Task prompt >> Here is the task for the records below: repeat exactly the lines from the one with "А индекс массы" to the one with "Der Mond bleibt", both included, and nothing else.

Stored data entries >>
____
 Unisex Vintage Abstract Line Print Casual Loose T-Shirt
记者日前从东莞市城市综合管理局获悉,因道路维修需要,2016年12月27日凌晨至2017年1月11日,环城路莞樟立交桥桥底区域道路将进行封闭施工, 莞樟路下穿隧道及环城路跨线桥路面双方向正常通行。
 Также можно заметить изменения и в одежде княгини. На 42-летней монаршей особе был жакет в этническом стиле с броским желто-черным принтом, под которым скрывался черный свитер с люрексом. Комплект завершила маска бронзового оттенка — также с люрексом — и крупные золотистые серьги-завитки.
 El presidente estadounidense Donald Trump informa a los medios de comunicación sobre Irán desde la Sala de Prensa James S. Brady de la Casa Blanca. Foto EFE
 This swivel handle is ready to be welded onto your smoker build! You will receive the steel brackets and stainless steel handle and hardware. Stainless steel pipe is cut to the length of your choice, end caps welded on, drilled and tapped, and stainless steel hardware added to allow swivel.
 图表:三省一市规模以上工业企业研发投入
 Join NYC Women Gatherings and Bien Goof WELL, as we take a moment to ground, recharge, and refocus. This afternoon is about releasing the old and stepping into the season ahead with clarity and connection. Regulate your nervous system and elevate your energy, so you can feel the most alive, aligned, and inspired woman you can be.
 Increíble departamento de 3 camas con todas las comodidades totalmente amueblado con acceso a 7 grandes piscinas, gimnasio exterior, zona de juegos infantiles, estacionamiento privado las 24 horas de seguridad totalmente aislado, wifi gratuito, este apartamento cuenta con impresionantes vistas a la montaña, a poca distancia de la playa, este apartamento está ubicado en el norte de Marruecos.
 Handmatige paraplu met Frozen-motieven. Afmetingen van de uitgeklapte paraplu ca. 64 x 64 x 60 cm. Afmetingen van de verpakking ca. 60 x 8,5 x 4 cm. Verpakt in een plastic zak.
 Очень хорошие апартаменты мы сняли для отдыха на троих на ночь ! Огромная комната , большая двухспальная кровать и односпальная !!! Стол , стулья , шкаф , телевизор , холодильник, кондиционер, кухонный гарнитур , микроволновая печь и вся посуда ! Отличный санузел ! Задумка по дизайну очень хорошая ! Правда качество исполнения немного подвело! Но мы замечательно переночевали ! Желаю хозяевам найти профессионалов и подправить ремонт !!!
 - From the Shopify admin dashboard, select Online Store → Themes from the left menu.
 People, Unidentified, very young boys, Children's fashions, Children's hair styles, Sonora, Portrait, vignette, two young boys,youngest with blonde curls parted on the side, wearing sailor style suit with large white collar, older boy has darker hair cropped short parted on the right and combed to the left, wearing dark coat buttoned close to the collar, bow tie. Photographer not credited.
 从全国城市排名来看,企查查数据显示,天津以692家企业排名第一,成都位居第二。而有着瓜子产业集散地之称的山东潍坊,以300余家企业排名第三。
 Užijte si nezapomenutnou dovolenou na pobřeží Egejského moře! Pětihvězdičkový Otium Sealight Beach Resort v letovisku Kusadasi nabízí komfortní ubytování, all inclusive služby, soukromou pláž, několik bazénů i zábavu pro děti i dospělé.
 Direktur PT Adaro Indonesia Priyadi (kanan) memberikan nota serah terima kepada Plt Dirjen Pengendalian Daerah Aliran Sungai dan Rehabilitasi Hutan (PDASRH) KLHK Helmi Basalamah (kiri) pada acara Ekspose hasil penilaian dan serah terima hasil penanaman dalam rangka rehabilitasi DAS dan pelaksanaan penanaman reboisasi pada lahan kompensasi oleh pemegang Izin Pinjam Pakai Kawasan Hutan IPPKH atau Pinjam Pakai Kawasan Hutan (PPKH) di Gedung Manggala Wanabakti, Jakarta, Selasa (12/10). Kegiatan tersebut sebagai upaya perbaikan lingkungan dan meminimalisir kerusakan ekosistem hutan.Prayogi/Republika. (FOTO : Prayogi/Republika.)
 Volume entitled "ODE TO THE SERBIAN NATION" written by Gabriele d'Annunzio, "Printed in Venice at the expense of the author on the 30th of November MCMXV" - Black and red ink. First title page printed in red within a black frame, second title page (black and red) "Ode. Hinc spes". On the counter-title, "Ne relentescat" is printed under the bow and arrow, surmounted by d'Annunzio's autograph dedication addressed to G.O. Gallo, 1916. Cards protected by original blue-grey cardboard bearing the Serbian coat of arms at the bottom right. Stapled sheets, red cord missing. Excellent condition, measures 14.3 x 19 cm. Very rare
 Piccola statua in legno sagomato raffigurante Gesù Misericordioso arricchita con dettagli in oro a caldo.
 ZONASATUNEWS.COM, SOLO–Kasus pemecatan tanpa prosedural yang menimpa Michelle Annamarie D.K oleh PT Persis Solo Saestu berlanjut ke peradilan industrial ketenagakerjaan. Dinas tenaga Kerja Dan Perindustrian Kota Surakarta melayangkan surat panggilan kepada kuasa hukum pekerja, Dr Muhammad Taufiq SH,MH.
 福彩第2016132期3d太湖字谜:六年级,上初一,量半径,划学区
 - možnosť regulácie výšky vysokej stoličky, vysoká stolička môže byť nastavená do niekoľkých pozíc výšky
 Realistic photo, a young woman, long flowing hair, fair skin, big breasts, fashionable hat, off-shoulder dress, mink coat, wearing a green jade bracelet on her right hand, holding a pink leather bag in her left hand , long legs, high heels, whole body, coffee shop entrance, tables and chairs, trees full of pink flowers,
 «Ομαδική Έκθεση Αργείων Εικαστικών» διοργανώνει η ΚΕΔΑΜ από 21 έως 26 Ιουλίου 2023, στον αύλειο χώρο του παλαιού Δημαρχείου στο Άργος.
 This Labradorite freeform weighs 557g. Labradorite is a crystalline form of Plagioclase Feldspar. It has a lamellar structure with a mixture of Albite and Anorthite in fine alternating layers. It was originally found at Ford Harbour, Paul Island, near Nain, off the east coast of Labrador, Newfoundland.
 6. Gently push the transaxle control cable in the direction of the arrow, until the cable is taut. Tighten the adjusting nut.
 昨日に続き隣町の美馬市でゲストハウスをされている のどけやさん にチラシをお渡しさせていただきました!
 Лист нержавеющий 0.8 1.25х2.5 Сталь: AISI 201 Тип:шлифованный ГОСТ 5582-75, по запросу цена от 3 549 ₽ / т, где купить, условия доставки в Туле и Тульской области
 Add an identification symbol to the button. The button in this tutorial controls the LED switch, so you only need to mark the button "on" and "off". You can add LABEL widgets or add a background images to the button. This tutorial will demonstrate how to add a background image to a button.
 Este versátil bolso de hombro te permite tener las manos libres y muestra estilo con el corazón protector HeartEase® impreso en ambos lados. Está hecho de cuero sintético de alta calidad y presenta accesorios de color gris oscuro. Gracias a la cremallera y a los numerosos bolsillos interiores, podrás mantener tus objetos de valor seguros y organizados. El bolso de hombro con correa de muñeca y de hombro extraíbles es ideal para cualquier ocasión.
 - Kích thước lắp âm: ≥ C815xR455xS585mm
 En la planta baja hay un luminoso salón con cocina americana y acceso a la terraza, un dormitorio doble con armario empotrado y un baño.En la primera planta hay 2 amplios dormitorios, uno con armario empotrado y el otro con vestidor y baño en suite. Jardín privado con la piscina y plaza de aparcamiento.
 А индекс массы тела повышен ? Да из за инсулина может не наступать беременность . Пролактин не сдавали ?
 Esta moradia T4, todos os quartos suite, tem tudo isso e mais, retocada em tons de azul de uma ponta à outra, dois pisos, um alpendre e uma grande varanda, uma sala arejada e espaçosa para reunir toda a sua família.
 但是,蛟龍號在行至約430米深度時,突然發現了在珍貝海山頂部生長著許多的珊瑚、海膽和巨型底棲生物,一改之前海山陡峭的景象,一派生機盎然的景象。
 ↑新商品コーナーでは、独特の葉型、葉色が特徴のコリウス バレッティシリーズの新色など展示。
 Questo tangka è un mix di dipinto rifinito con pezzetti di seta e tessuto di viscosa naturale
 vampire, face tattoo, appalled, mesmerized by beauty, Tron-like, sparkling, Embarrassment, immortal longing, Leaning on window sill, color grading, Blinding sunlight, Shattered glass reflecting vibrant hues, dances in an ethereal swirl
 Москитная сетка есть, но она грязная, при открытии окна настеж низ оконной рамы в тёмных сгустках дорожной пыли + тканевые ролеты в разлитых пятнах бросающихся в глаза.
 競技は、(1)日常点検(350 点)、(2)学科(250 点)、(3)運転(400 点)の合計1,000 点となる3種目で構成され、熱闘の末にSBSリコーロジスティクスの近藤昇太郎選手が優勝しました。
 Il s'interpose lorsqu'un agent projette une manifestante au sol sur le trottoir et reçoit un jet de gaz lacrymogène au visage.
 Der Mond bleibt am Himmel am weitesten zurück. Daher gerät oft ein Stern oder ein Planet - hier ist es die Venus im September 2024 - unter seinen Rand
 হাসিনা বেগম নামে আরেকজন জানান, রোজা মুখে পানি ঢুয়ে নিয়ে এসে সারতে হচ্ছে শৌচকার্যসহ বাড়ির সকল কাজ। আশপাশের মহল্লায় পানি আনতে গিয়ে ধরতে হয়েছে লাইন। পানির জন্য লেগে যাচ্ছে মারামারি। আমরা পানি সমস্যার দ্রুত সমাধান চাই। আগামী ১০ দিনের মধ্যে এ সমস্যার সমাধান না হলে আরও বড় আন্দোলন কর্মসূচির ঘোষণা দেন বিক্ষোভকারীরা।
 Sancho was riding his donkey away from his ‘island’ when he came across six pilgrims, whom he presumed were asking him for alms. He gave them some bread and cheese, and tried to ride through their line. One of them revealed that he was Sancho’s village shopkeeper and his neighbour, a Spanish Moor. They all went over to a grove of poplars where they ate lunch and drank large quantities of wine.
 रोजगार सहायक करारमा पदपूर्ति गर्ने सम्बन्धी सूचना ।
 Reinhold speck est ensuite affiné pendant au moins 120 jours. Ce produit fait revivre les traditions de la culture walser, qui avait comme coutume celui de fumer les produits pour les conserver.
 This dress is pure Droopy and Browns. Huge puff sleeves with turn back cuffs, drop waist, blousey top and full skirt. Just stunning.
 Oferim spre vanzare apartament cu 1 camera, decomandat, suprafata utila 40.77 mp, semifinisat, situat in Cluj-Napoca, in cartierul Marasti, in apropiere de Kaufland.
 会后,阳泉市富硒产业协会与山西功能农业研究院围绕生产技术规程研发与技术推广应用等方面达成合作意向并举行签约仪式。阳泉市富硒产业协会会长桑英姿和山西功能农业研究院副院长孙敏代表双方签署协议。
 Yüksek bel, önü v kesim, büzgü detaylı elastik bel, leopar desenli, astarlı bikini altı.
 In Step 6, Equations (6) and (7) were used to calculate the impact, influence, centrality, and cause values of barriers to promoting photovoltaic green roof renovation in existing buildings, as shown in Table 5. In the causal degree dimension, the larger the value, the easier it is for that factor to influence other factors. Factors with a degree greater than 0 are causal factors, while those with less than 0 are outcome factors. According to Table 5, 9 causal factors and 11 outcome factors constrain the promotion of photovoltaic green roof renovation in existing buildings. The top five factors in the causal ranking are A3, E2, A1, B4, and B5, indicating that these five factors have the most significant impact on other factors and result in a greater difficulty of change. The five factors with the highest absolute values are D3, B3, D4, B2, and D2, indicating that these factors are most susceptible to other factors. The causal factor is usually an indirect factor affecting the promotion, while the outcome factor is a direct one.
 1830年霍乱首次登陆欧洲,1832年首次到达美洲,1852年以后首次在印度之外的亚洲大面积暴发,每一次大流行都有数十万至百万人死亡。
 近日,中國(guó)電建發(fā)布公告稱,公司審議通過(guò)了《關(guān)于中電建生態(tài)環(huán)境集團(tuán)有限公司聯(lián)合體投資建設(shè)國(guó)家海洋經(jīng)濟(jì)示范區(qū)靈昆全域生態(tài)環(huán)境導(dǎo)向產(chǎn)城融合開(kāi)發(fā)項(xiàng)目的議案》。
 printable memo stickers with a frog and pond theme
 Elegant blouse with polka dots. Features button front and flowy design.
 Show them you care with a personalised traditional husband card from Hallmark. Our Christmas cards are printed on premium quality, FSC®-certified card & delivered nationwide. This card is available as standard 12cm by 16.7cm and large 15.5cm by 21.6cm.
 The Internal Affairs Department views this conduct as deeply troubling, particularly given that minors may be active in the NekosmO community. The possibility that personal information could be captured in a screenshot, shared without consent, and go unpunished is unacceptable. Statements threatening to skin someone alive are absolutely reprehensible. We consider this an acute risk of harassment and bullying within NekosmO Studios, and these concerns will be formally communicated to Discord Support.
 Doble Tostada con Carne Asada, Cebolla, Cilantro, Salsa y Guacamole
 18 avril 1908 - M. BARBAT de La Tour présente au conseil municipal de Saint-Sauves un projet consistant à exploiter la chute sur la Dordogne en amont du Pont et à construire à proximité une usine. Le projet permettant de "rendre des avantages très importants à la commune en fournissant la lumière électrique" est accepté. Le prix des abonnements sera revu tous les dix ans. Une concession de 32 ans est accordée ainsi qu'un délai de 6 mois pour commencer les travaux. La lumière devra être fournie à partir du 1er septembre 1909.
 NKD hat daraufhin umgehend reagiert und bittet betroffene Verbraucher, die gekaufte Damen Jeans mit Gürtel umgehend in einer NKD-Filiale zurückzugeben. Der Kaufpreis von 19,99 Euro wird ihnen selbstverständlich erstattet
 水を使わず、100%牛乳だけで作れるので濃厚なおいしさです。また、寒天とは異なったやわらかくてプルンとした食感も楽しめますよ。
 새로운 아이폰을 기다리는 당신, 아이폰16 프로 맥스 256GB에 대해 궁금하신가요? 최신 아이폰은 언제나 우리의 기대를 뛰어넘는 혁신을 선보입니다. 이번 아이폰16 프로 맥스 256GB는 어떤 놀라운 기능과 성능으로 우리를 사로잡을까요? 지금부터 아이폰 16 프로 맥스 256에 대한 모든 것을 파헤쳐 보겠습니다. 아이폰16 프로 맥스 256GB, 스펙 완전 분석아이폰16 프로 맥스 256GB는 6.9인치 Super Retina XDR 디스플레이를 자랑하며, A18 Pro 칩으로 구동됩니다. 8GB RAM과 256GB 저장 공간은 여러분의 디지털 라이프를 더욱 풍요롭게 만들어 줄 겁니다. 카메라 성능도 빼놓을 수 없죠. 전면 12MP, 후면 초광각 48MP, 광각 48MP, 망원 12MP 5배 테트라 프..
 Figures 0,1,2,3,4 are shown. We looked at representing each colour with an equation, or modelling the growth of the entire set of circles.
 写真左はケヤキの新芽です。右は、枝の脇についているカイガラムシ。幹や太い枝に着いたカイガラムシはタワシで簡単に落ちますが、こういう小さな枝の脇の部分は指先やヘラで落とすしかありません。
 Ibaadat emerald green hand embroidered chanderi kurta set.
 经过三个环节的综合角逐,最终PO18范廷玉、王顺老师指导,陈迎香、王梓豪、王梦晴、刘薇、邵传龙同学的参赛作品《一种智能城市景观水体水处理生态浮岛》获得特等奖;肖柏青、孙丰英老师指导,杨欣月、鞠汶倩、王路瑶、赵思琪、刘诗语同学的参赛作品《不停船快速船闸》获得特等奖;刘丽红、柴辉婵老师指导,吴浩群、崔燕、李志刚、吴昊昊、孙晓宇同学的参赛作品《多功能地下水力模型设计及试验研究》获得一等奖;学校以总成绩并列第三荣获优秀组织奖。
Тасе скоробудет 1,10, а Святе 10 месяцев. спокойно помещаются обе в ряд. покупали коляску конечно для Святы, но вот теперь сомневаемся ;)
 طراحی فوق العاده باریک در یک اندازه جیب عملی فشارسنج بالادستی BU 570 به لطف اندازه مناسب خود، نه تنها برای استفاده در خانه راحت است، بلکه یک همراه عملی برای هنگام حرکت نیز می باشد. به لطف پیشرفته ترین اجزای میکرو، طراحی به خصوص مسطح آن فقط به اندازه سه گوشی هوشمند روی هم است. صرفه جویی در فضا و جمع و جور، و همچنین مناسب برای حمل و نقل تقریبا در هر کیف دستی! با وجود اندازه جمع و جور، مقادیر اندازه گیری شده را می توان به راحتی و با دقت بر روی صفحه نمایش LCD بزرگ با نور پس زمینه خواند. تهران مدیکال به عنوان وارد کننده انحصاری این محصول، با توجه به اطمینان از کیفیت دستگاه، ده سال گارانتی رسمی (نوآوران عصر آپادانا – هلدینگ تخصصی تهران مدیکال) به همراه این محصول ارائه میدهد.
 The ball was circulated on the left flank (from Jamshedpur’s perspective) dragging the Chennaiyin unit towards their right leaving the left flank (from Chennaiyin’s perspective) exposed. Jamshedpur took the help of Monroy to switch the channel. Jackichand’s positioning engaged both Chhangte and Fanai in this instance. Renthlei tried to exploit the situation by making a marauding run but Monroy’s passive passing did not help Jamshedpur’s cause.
____
Written answer >>
 А индекс массы тела повышен ? Да из за инсулина может не наступать беременность . Пролактин не сдавали ?
 Esta moradia T4, todos os quartos suite, tem tudo isso e mais, retocada em tons de azul de uma ponta à outra, dois pisos, um alpendre e uma grande varanda, uma sala arejada e espaçosa para reunir toda a sua família.
 但是,蛟龍號在行至約430米深度時,突然發現了在珍貝海山頂部生長著許多的珊瑚、海膽和巨型底棲生物,一改之前海山陡峭的景象,一派生機盎然的景象。
 ↑新商品コーナーでは、独特の葉型、葉色が特徴のコリウス バレッティシリーズの新色など展示。
 Questo tangka è un mix di dipinto rifinito con pezzetti di seta e tessuto di viscosa naturale
 vampire, face tattoo, appalled, mesmerized by beauty, Tron-like, sparkling, Embarrassment, immortal longing, Leaning on window sill, color grading, Blinding sunlight, Shattered glass reflecting vibrant hues, dances in an ethereal swirl
 Москитная сетка есть, но она грязная, при открытии окна настеж низ оконной рамы в тёмных сгустках дорожной пыли + тканевые ролеты в разлитых пятнах бросающихся в глаза.
 競技は、(1)日常点検(350 点)、(2)学科(250 点)、(3)運転(400 点)の合計1,000 点となる3種目で構成され、熱闘の末にSBSリコーロジスティクスの近藤昇太郎選手が優勝しました。
 Il s'interpose lorsqu'un agent projette une manifestante au sol sur le trottoir et reçoit un jet de gaz lacrymogène au visage.
 Der Mond bleibt am Himmel am weitesten zurück. Daher gerät oft ein Stern oder ein Planet - hier ist es die Venus im September 2024 - unter seinen Rand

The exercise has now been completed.